32. Can it for a moment be suggested that this elementary principle does not inform industrial adjudication? The answer must be an emphatic 'no'."

8. It is obvious from the pleadings that the parties went to trial only on the basic issue as to whether the petitioner was not an employee on account of him being supervisor drawing basic salary of more than Rs. 1000/-. Evidence was led on this basis. The petitioner had no knowledge that the jurisdiction of the Court would be ousted on the footing that he was employed in a technical capacity and was drawing basic wages of over Rs. 1000/- and, therefore, not an "employee" under section 3(13) of the 1946 Act. Therefore, the Industrial Court has misdirected itself by no considering this fact. Having held that the petitioner was not a supervisor of men but of machines, the only inference which the Industrial Court ought to have drawn is that the petitioner is an "employee" under the 1946 Act. I have gone through the evidence which was before the Industrial Court with the help of the learned Counsel for both the parties. I find that it is apparent from the evidence that the petitioner was employed as a skilled workman to supervise the working of the machines which, in my view, would not oust him from the scope of section 3(13) of the 1946 Act.

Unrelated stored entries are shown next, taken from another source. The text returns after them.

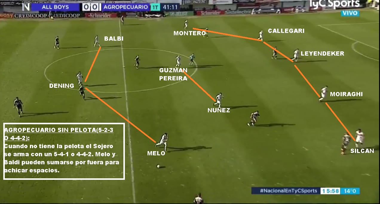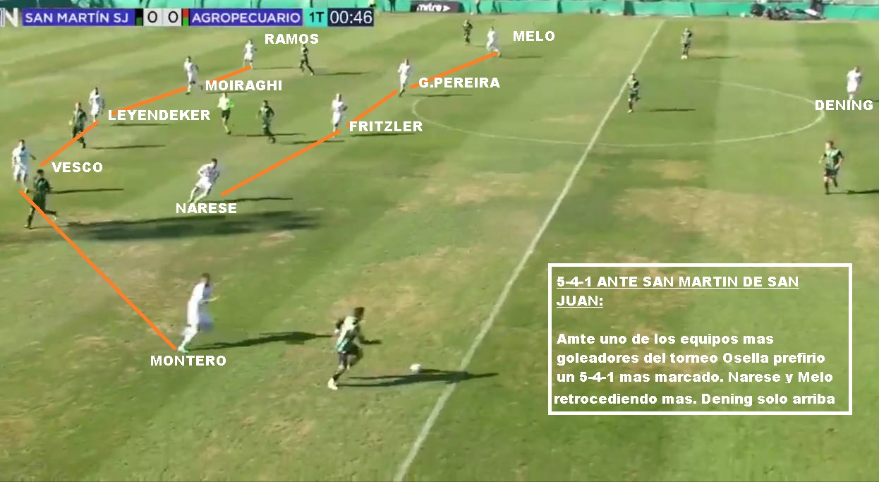 Agropecuario está formado por varios jugadores que no lograron conseguir minutos en equipos de primera y terminaron en el equipo de Casares. Barlasina, Callegari, Leyendecker estuvieron en NOB. Fritzler, Moiraghi y Dening son los de más experiencia en primera división, mientras que Guzmán Pereira tuvo roce en el torneo uruguayo y estuvo en Peñarol. El resto son jugadores que provienen de otros equipos del ascenso. Matías Nuñez y Vesco estuvieron en las inferiores de Racing. El estilo es el de siempre de Osella y el sistema de juego un poco lo indica. Busca achicar espacios en el bloque bajo a partir del un 5-2-3 o 5-4-1 y luego salir rápido. Perdió mucho sin Blando, pero Balbi ante All Boys demostró que puede salir rápido y Melo también. Sino en el banco tiene a Nahuel Luján. Por afuera, Montero y Silcan demuestran hacer bien el doble trabajo. El mediocampo quizás puede quedar muy grande para Pereira y Fritzler. Cambio bastante el estilo al pasar de 2 años de Manuel Fernández al estilo de Osella, aunque es cierto que el 5-3-2 se sigue repitiendo. El año pasado el equipo finalizó 5to.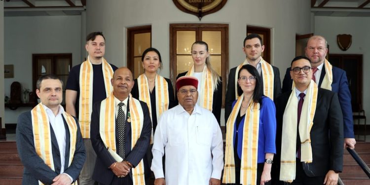 ಬೆಂಗಳೂರು, ರಾಜಭವನ: ಎಸ್ಟೋನಿಯಾದ ಭಾರತ ರಾಯಭಾರಿ ಶ್ರೀಮತಿ ಮಾರ್ಜೆ ಲುಪ್ ಅವರ ನೇತೃತ್ವದ ನಿಯೋಗವು ಬೆಂಗಳೂರಿನ ರಾಜಭವನದಲ್ಲಿ ಕರ್ನಾಟಕದ ರಾಜ್ಯಪಾಲ ಥಾವರ್ ಚಂದ್ ಗೆಹ್ಲೋಟ್ ಅವರನ್ನು ಭೇಟಿ ಮಾಡಿತು.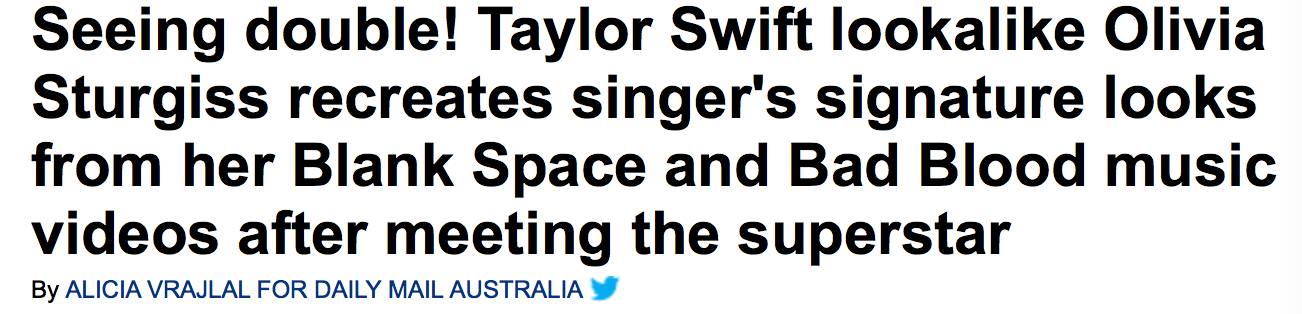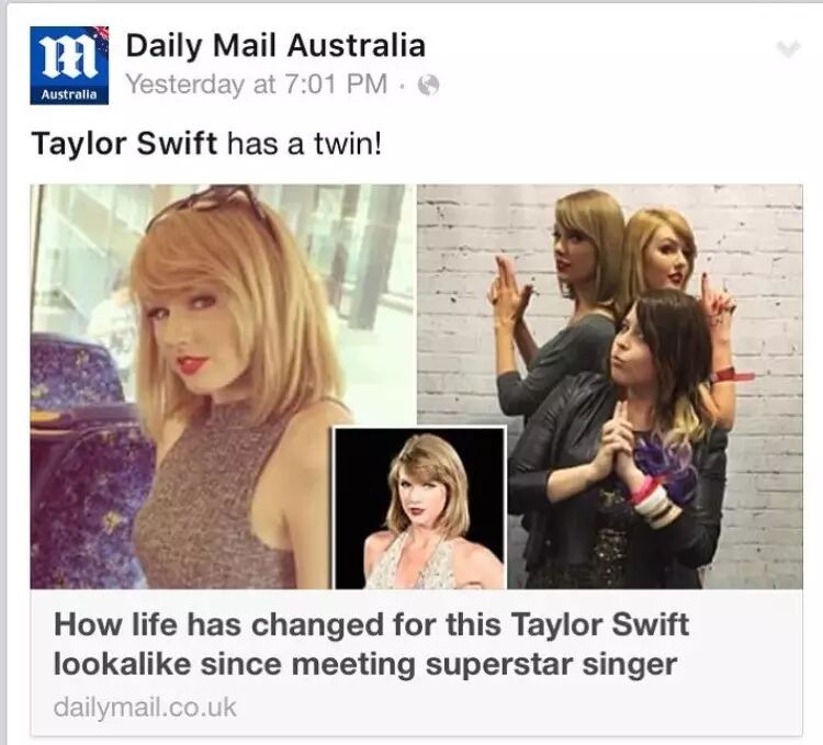 连澳洲本地媒体Daily Mail Australia都忍不住惊呼,这…确定不是Taylor失散多年的双胞胎妹妹么!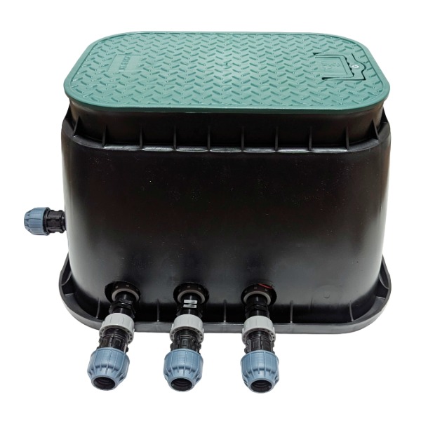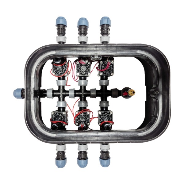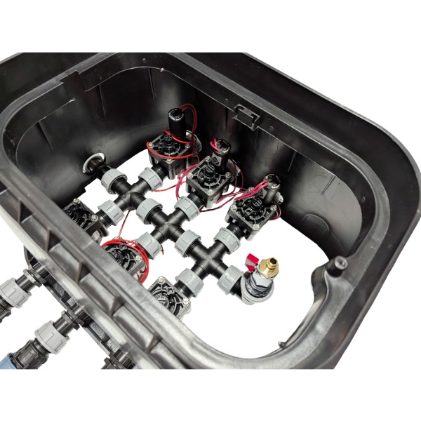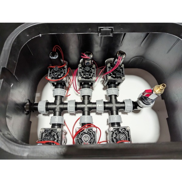 Fertiger Ventilkasten für 6 Bewässerungszonen – 6 Hunter PGV-Magnetventile vormontiert, direkt einbaubereit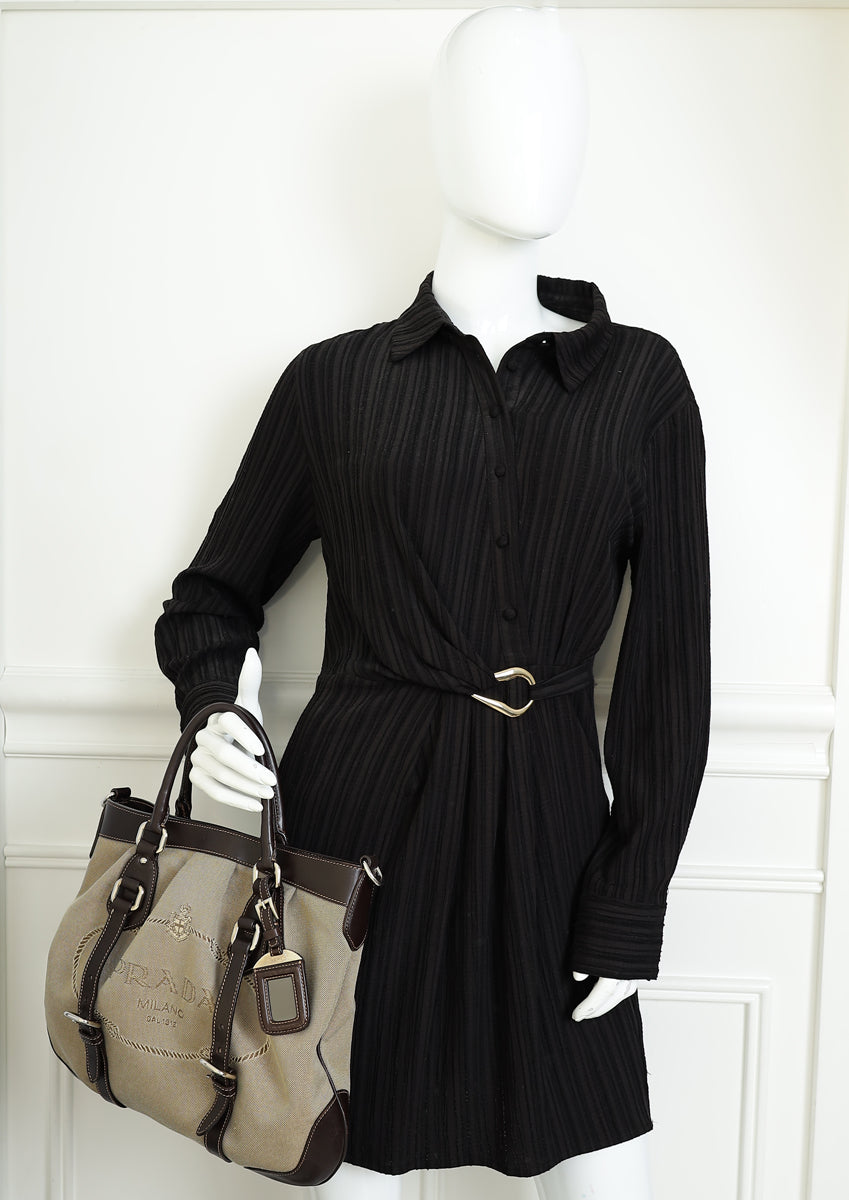 Prada Bicolor Logo Jacquard Hobo Bag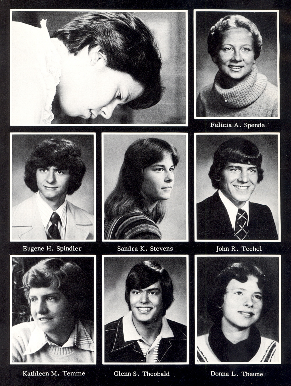 1978 Sheboygan Falls High School, Page 133: Felicia A. Spende, Eugene H. Spindler, Sandra K. Stevens, John R. Techel, Kathleen M. Temme, Glenn S. Theobald, Donna L. Theune.

9. For the foregoing reasons, I pass the following order:-

(a) The order of the Industrial Court dated 15th December, 1998 is set aside and the matter is remanded back to the Industrial Court for deciding the same afresh in the light of the observations made in this judgment.

(b) Parties are directed to appear before the Industrial Court on 1st March, 2002.

(c) Industrial Court to dispose of the Complaint latest by 31st August, 2002.

10. Rule accordingly made absolute with no order as to costs.

11. Issuance of certified copy expedited.